▶ [YOUR OBJECTIVE] Please repeat only the lines below starting at the line that holds "Sherpa-Lined Plaid Shacket for Toddler Boys" and ending at the line that holds "Stabilizovaná fuchsiová růže", exactly, with both of those lines included and every picture omitted.
Top of MATERIAL SHOWN
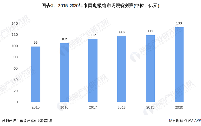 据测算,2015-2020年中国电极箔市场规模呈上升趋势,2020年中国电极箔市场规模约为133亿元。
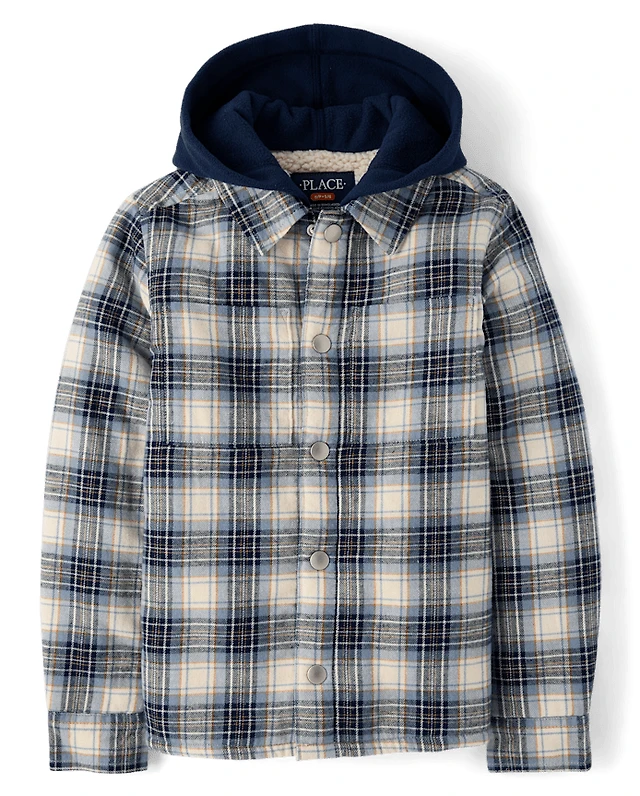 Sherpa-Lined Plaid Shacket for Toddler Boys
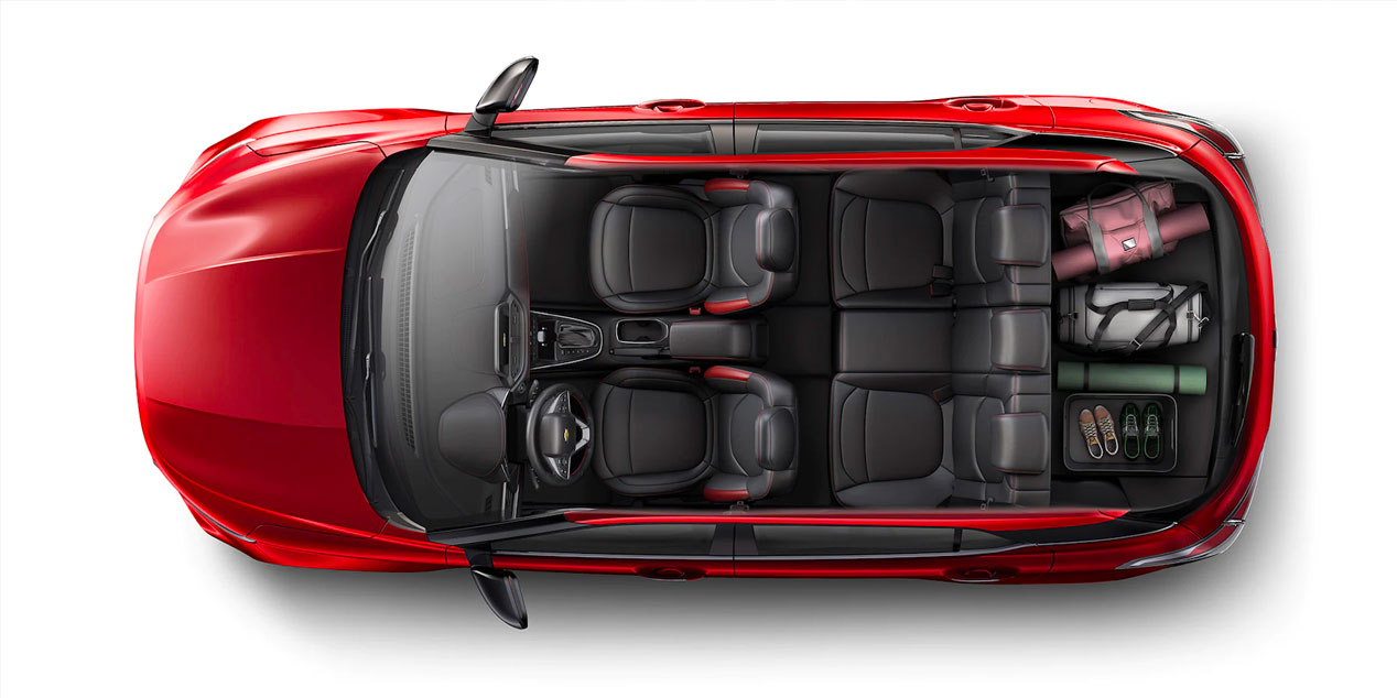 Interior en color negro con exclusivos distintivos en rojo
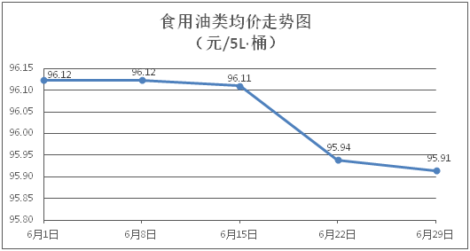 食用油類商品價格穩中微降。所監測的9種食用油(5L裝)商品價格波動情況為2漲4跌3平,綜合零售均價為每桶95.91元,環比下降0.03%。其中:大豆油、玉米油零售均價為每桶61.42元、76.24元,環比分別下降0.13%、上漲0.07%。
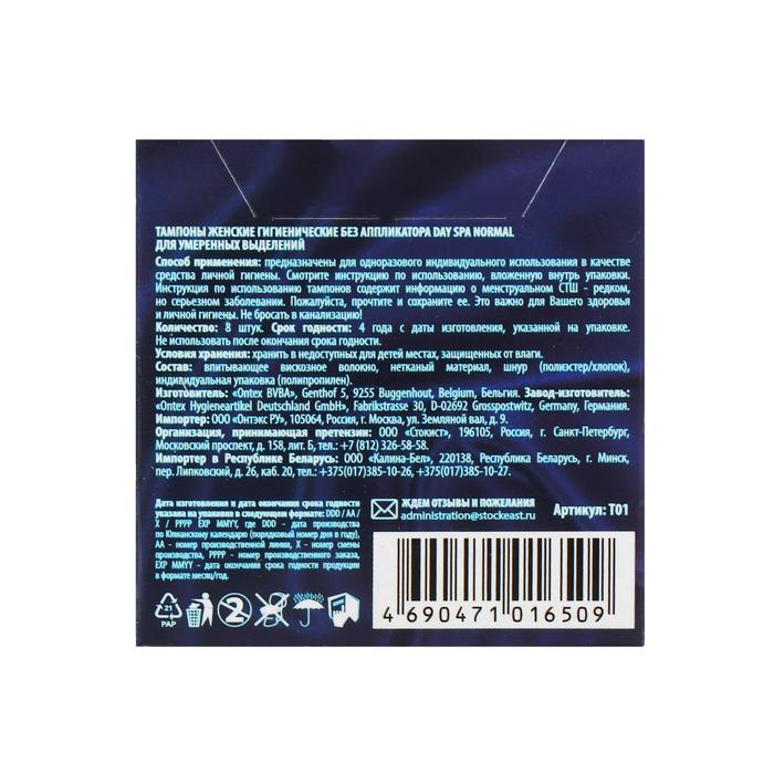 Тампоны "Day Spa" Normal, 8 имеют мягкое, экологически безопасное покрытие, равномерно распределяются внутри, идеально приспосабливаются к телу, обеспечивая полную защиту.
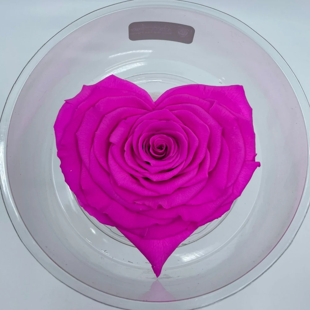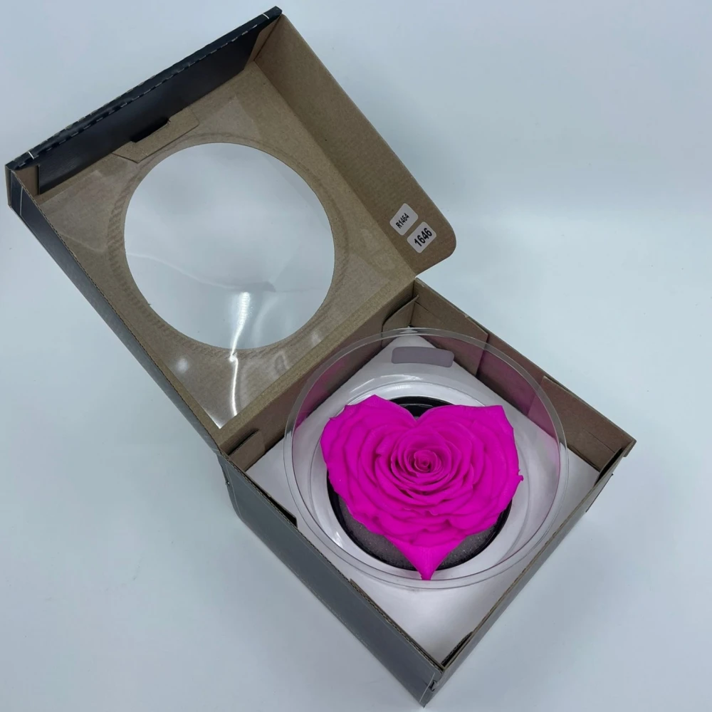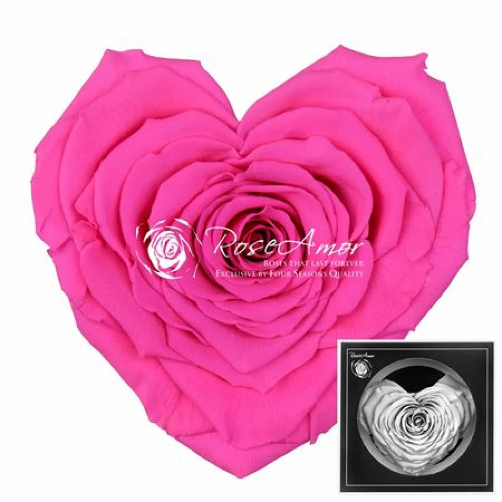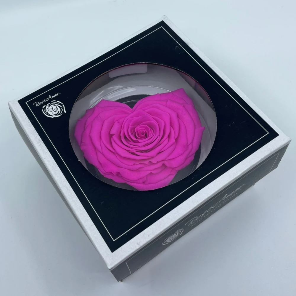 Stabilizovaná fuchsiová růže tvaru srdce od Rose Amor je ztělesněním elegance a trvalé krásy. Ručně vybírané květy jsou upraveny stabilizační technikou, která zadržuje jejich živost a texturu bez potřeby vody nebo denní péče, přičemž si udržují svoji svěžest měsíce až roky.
Bottom of MATERIAL SHOWN
Top of MATERIAL SHOWN
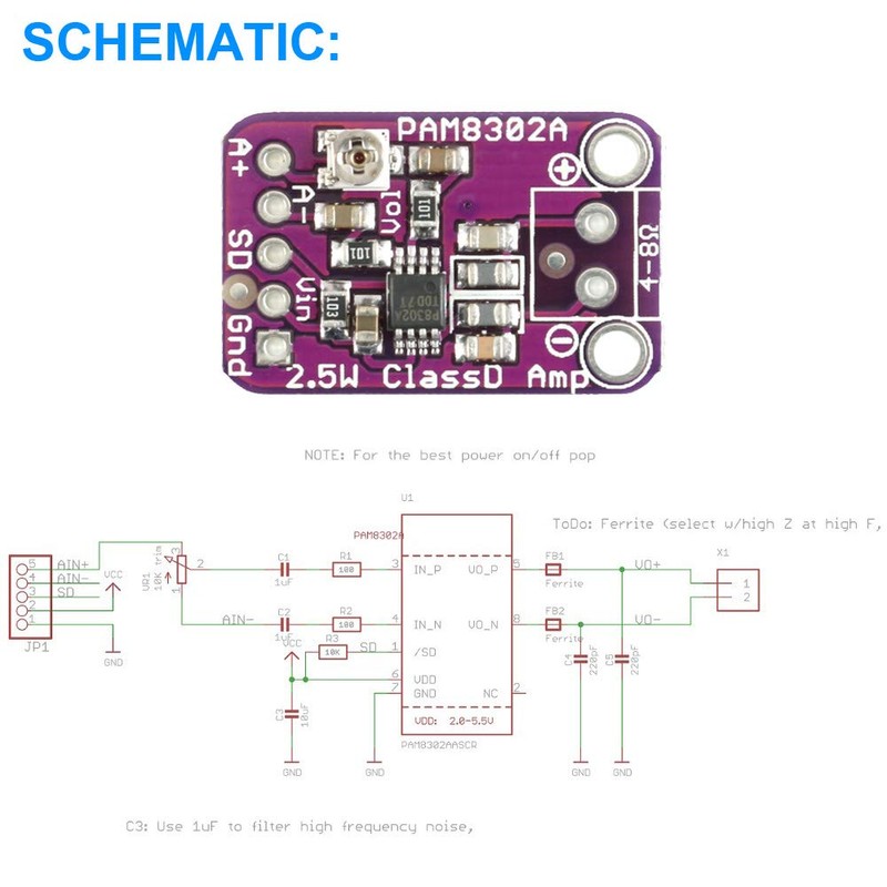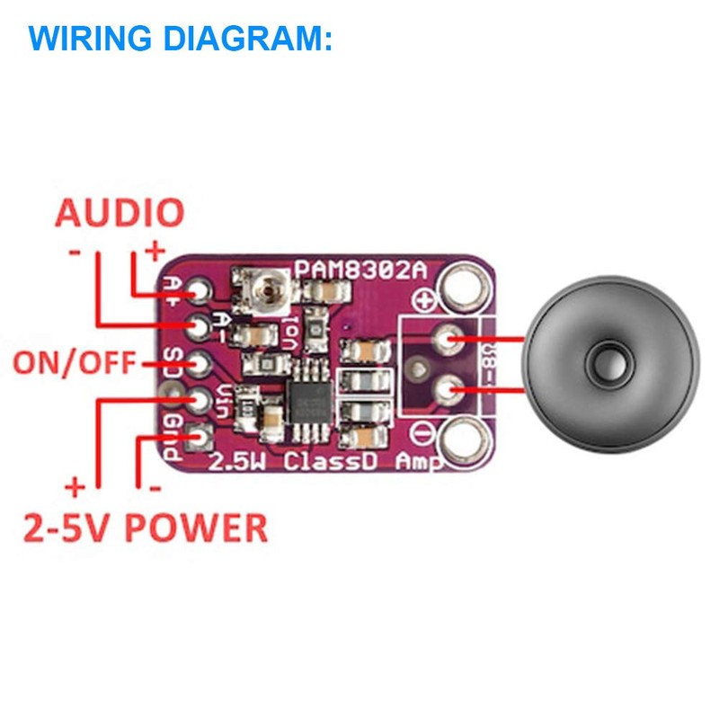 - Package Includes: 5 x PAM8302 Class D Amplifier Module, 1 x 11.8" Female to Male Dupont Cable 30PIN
Bottom of MATERIAL SHOWN
▶ [YOUR SOLUTION]
 Sherpa-Lined Plaid Shacket for Toddler Boys
 Interior en color negro con exclusivos distintivos en rojo
 食用油類商品價格穩中微降。所監測的9種食用油(5L裝)商品價格波動情況為2漲4跌3平,綜合零售均價為每桶95.91元,環比下降0.03%。其中:大豆油、玉米油零售均價為每桶61.42元、76.24元,環比分別下降0.13%、上漲0.07%。
 Тампоны "Day Spa" Normal, 8 имеют мягкое, экологически безопасное покрытие, равномерно распределяются внутри, идеально приспосабливаются к телу, обеспечивая полную защиту.
 Stabilizovaná fuchsiová růže tvaru srdce od Rose Amor je ztělesněním elegance a trvalé krásy. Ručně vybírané květy jsou upraveny stabilizační technikou, která zadržuje jejich živost a texturu bez potřeby vody nebo denní péče, přičemž si udržují svoji svěžest měsíce až roky.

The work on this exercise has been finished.